Automated Data Pipeline — Proptech Industry
Replaced a 2-week manual Excel process with a serverless Apache Beam pipeline on Google Cloud Dataflow. Runs quarterly in 6 hours, unattended.
Key Results
The Problem
A company in the proptech space needed to aggregate and grade professional records from public listing APIs across the United States. Each cycle involved pulling millions of records, scoring individuals against configurable thresholds, and exporting enriched data for their sales team.
The existing process was entirely manual — a team member spent two weeks per cycle working through spreadsheets, paginating APIs by hand, and calculating grades in Excel.
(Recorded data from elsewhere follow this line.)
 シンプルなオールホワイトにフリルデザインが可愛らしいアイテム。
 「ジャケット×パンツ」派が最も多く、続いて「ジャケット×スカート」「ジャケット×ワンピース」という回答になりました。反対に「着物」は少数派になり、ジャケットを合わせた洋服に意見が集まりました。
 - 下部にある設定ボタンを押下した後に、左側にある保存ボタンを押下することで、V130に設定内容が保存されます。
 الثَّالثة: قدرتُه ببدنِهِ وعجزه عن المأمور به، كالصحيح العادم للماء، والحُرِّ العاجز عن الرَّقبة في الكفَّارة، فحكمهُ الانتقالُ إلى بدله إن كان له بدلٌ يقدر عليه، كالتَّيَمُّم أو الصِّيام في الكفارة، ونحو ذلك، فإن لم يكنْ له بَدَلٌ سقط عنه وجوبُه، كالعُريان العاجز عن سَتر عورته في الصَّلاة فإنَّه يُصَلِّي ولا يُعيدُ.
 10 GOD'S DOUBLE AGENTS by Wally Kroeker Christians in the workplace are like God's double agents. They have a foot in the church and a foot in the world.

The process ran quarterly, and each cycle was error-prone and exhausting.
What We Built
Phase 1 — Prototype
We started with a custom Python application that dynamically paginated through the API, aggregating records per individual until configurable thresholds were met (e.g., $40M total volume for the top tier). This prototype validated the data model and API integration patterns, handling rate limiting, exponential backoff retries, and malformed response recovery.
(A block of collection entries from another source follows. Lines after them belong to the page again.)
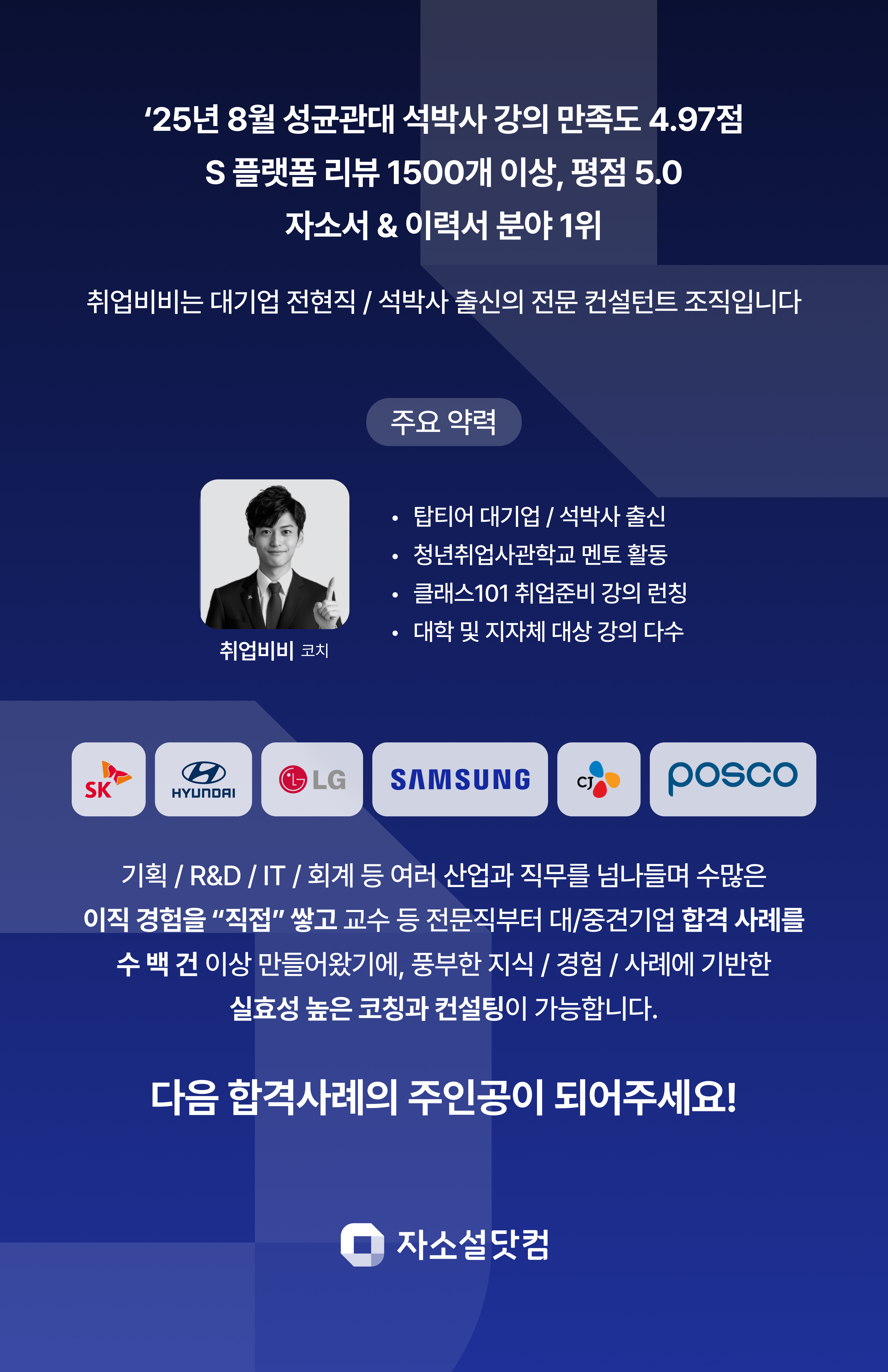 ★ 다른 상품 : 대/중견기업 자소서 컨설팅
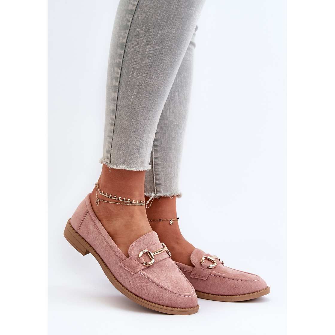 Pojedinosti: Ženske mokasine s ravnom petom i ružičastim aviole ukrasom ružičasta
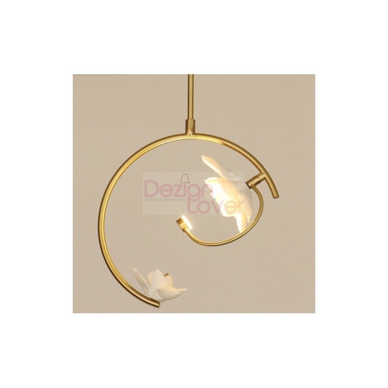 La suspension ronde Lure transforme la beauté éphémère d'une fleur en une lumière durable. Dans ce luminaire, une fleur en céramique est éclairée par une source de lumière LED suspendue. Tenue par un arc en laiton élancé, la lumière brille sur une fleur composée de pétales sculptés à la main, affichant texture, structure et délicatesse. La fleur blanche réfléchit la lumière, fournissant une source d'éclairage doux.

Phase 2 — Production Pipeline
The production system was rebuilt on Apache Beam, deployed as a Google Cloud Dataflow template. This gave the client a managed, serverless pipeline that auto-scales workers based on data volume — no infrastructure to maintain.
Pipeline Architecture: 3-stage fan-out design. Stage 1 fetches profile data and calculates initial scores. Stages 2 and 3 paginate through active and historical records respectively, with iterative loop unrolling (up to 19 pages deep) and consecutive-failure circuit breakers. All stages write raw API responses to BigQuery for audit and reprocessing.
Phase 3 — Self-Service Dashboard
A Flask-based web dashboard lets the client's team trigger pipeline runs with configurable parameters: grade thresholds, date cutoffs, whether to include active records, and which tiers to process. The dashboard writes batch tracking records to BigQuery and monitors pipeline status — the team runs it themselves without engineering support.
Results
The pipeline runs quarterly with zero engineering involvement. The client configures parameters through the dashboard, triggers the run, and receives graded export files in Cloud Storage. What used to consume a team member for two full weeks is now a 15-minute task followed by an automated 6-hour pipeline execution.
Tech Stack
| Layer | Technology | Why |
|---|---|---|
| Pipeline | Apache Beam | Portable, scalable batch processing |
| Runtime | Google Cloud Dataflow | Managed, serverless, auto-scaling |
| Storage | BigQuery + Cloud Storage | Audit trail + export files |
| Secrets | Secret Manager | API keys and credentials |
| Dashboard | Flask (Python) | Lightweight self-service UI |
| APIs | REST + RapidAPI | Public listing data sources |